=== What the task requires ===
Write out, please, each line from the one containing "3. Adım: tıklayınTaşınmakiçindeki" to the final line of the data, both included, exactly and without pictures.

=== Dataset extract ===
************

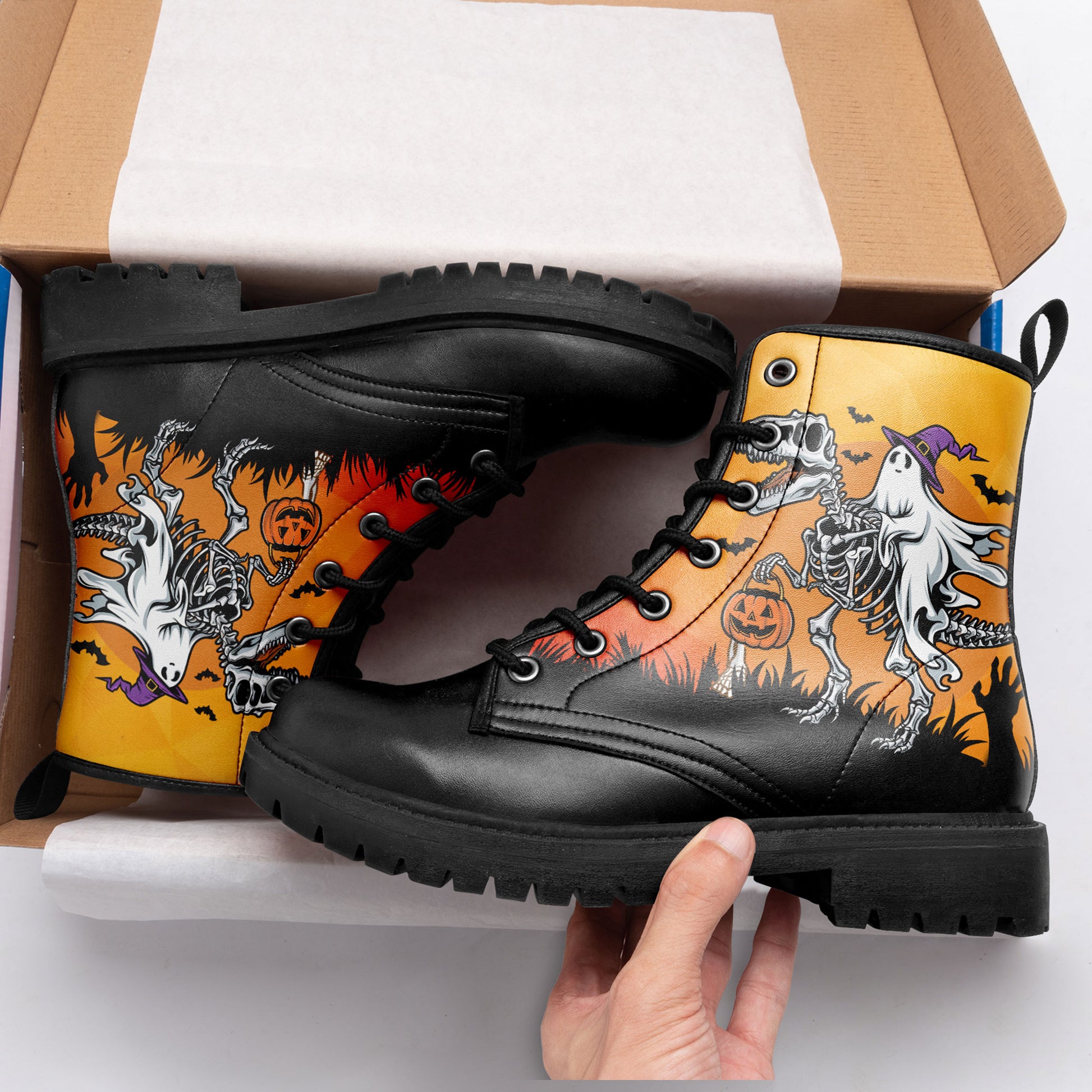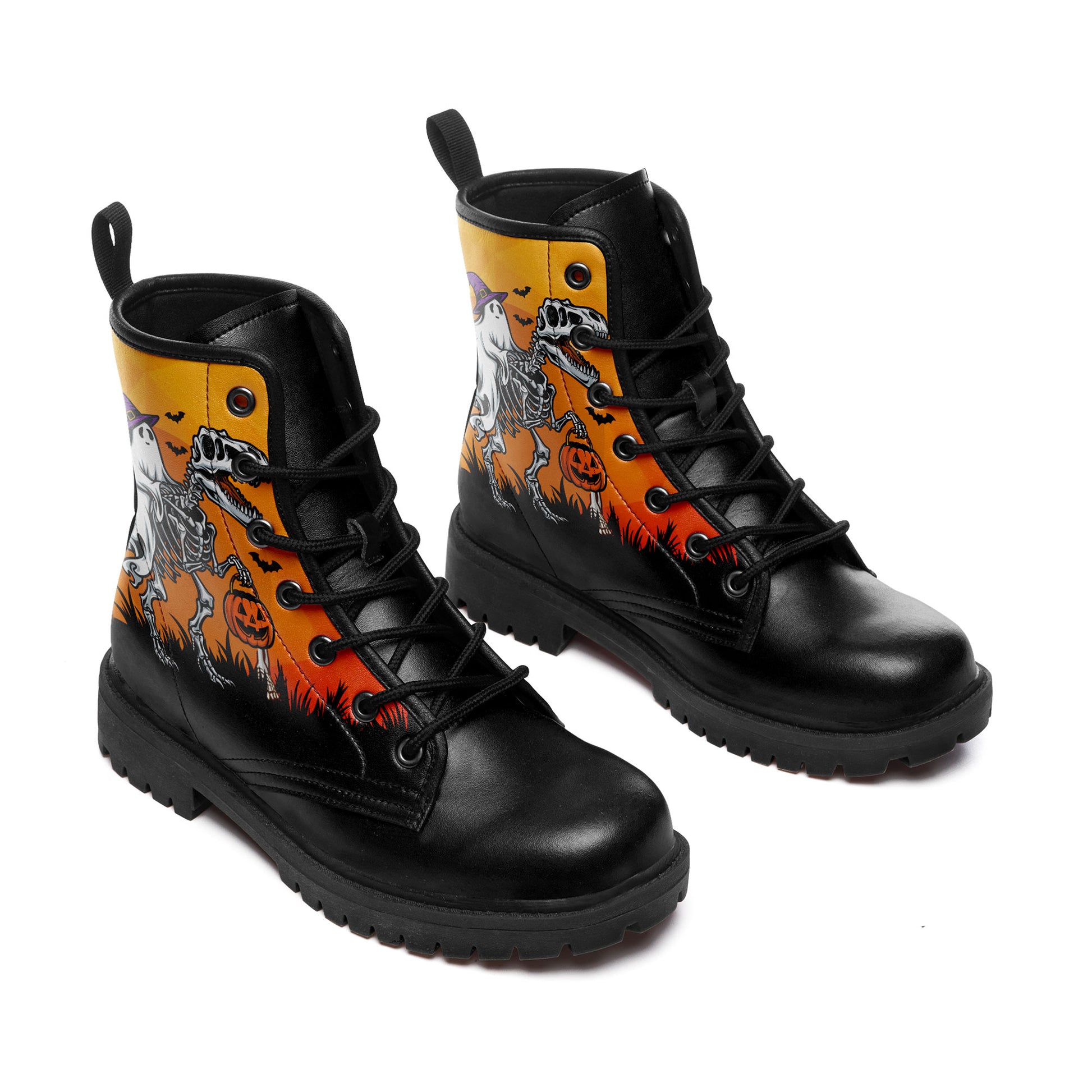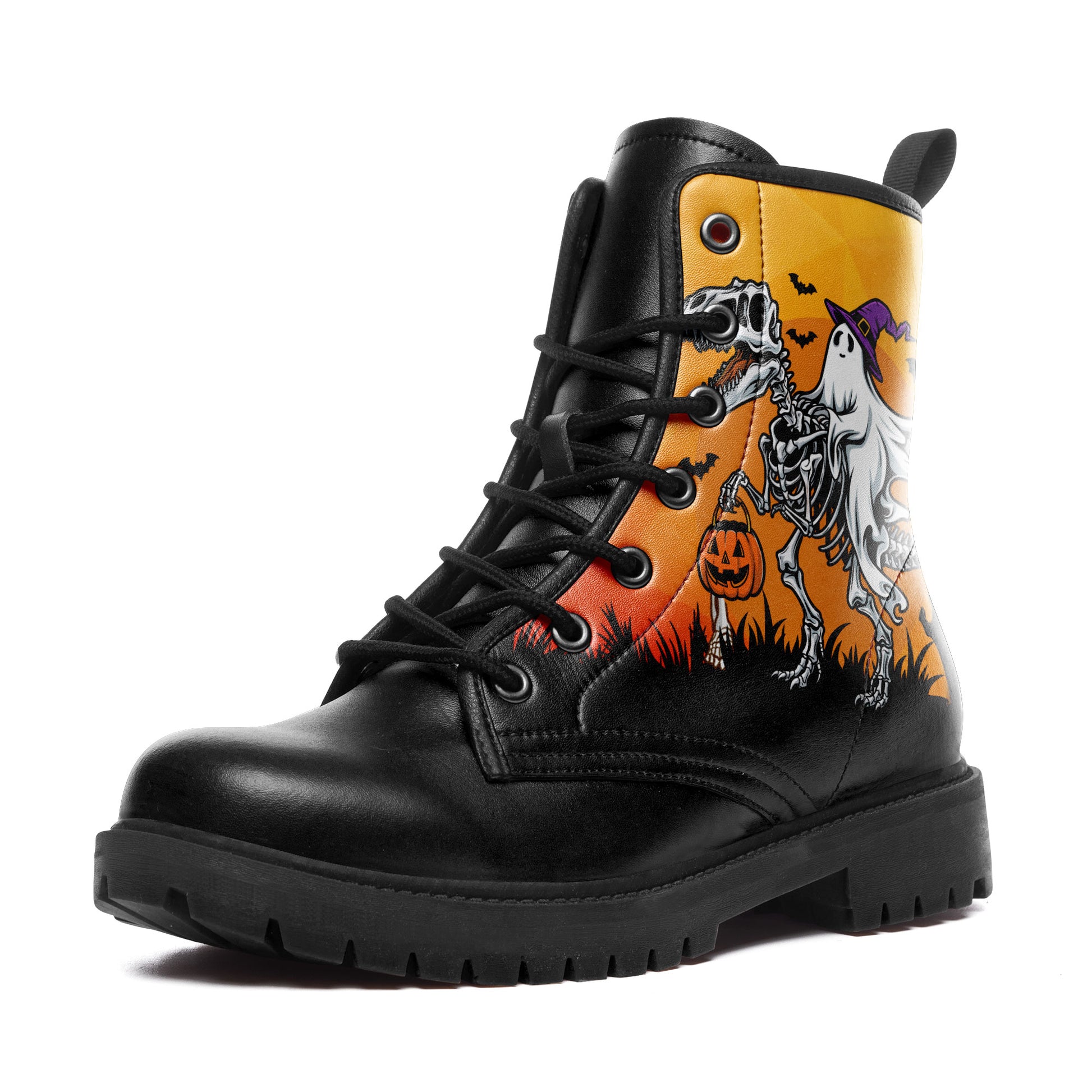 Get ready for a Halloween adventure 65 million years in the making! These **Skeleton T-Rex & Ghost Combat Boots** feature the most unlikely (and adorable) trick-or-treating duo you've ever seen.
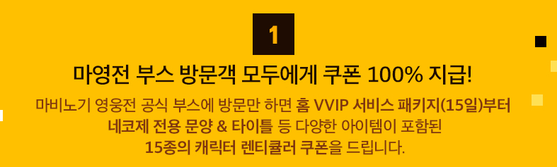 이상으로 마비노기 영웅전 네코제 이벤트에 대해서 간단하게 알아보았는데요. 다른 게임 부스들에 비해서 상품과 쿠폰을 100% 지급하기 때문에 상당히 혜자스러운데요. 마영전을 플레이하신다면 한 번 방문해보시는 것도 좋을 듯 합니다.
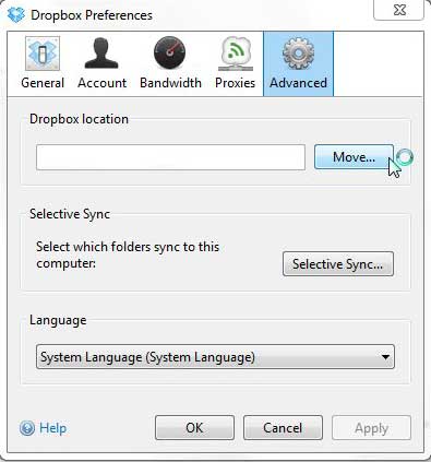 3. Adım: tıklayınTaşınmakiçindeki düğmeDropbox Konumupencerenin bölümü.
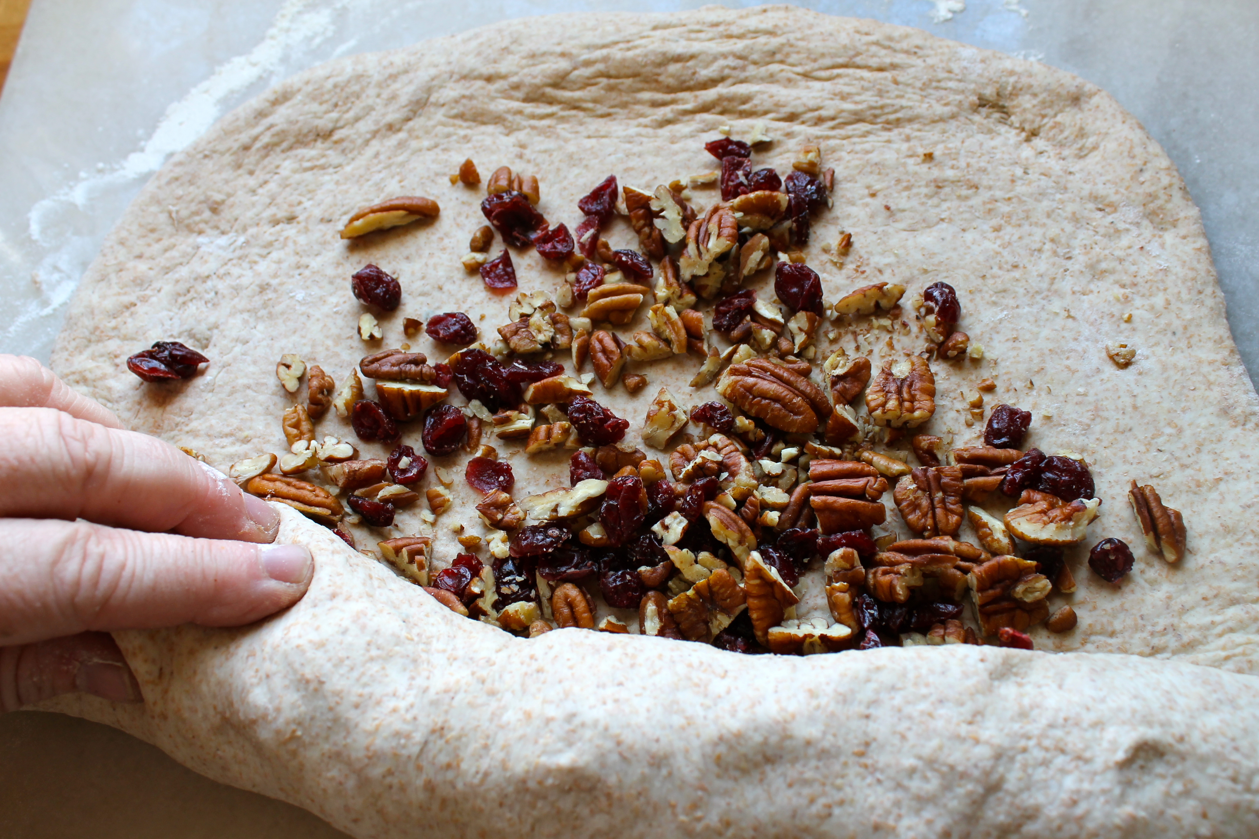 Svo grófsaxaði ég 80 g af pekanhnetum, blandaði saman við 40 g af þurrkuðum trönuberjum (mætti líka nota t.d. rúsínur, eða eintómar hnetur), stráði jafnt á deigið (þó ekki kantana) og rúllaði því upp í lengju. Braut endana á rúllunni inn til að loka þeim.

************

=== Answer ===
 3. Adım: tıklayınTaşınmakiçindeki düğmeDropbox Konumupencerenin bölümü.
 Svo grófsaxaði ég 80 g af pekanhnetum, blandaði saman við 40 g af þurrkuðum trönuberjum (mætti líka nota t.d. rúsínur, eða eintómar hnetur), stráði jafnt á deigið (þó ekki kantana) og rúllaði því upp í lengju. Braut endana á rúllunni inn til að loka þeim.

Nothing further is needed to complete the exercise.